» **Required work**
Retype, word for word, the lines from the first line of the entries through the line that holds "4月23日,大紐約地區和來自"; leave out the pictures.

(Entries taken from a collection)

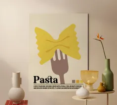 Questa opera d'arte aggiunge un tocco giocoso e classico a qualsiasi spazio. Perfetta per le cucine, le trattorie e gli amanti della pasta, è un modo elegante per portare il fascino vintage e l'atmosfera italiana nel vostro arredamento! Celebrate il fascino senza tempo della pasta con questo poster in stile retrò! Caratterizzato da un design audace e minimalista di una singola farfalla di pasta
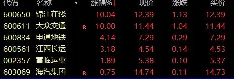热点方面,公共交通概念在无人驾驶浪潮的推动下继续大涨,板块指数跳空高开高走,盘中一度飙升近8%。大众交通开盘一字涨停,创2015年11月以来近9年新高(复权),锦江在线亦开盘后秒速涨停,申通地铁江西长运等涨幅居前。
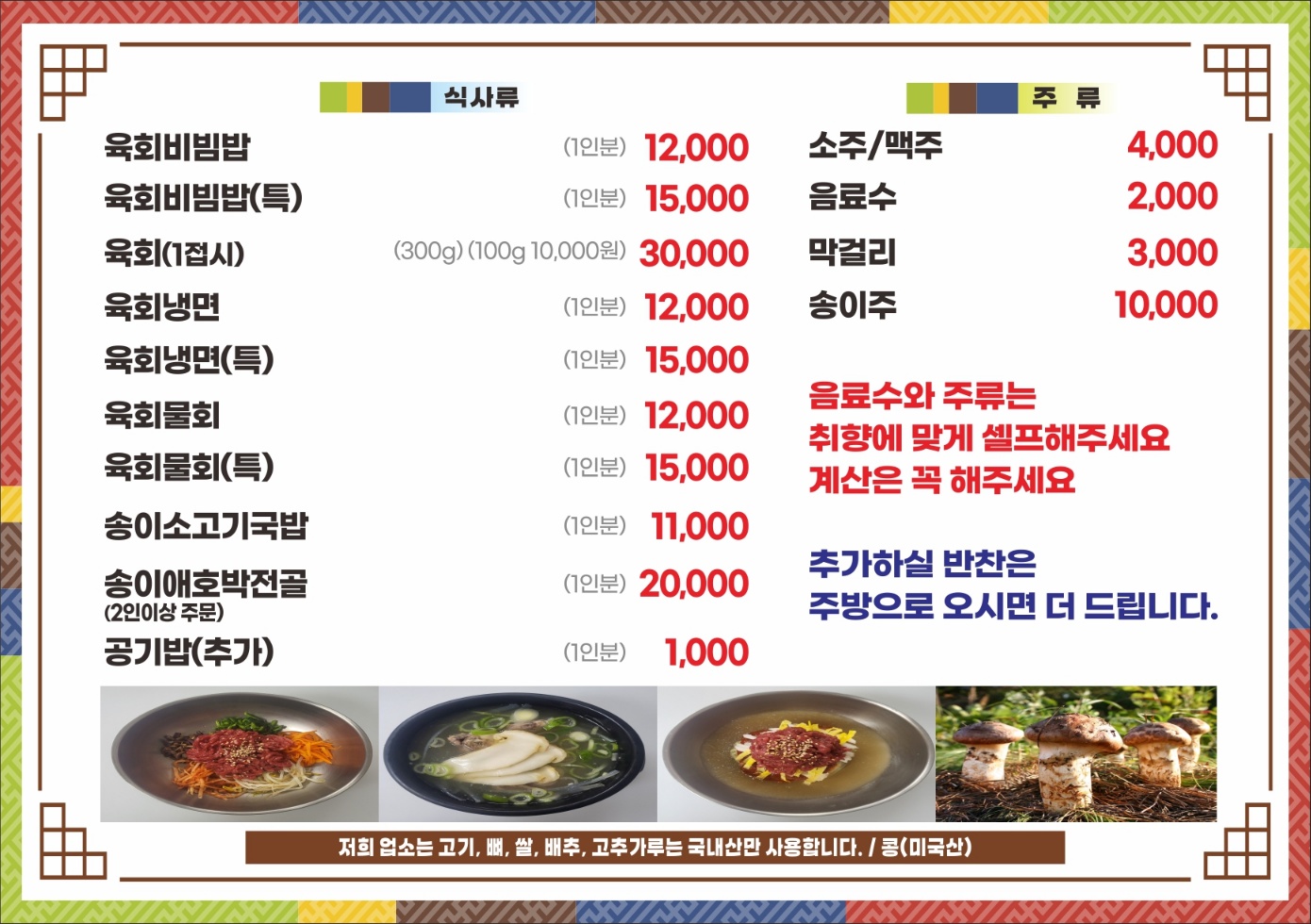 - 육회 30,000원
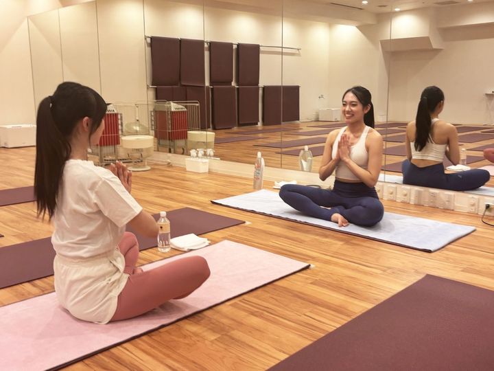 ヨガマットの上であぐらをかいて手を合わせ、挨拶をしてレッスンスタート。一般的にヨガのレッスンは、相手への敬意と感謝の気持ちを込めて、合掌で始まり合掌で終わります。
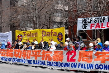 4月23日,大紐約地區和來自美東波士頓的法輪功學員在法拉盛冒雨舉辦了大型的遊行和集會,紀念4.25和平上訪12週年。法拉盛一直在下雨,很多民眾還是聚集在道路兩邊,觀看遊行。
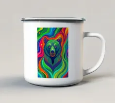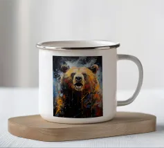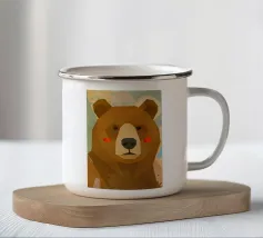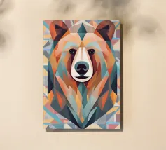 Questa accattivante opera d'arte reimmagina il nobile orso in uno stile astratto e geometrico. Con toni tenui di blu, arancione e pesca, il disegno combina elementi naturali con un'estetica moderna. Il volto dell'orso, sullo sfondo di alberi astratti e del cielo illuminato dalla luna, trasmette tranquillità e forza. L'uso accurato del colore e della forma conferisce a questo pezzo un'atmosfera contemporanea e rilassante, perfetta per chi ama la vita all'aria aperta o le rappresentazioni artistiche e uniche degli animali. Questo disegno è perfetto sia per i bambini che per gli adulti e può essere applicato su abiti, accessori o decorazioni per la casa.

» **Exercise result**
 Questa opera d'arte aggiunge un tocco giocoso e classico a qualsiasi spazio. Perfetta per le cucine, le trattorie e gli amanti della pasta, è un modo elegante per portare il fascino vintage e l'atmosfera italiana nel vostro arredamento! Celebrate il fascino senza tempo della pasta con questo poster in stile retrò! Caratterizzato da un design audace e minimalista di una singola farfalla di pasta
热点方面,公共交通概念在无人驾驶浪潮的推动下继续大涨,板块指数跳空高开高走,盘中一度飙升近8%。大众交通开盘一字涨停,创2015年11月以来近9年新高(复权),锦江在线亦开盘后秒速涨停,申通地铁江西长运等涨幅居前。
 - 육회 30,000원
 ヨガマットの上であぐらをかいて手を合わせ、挨拶をしてレッスンスタート。一般的にヨガのレッスンは、相手への敬意と感謝の気持ちを込めて、合掌で始まり合掌で終わります。
 4月23日,大紐約地區和來自美東波士頓的法輪功學員在法拉盛冒雨舉辦了大型的遊行和集會,紀念4.25和平上訪12週年。法拉盛一直在下雨,很多民眾還是聚集在道路兩邊,觀看遊行。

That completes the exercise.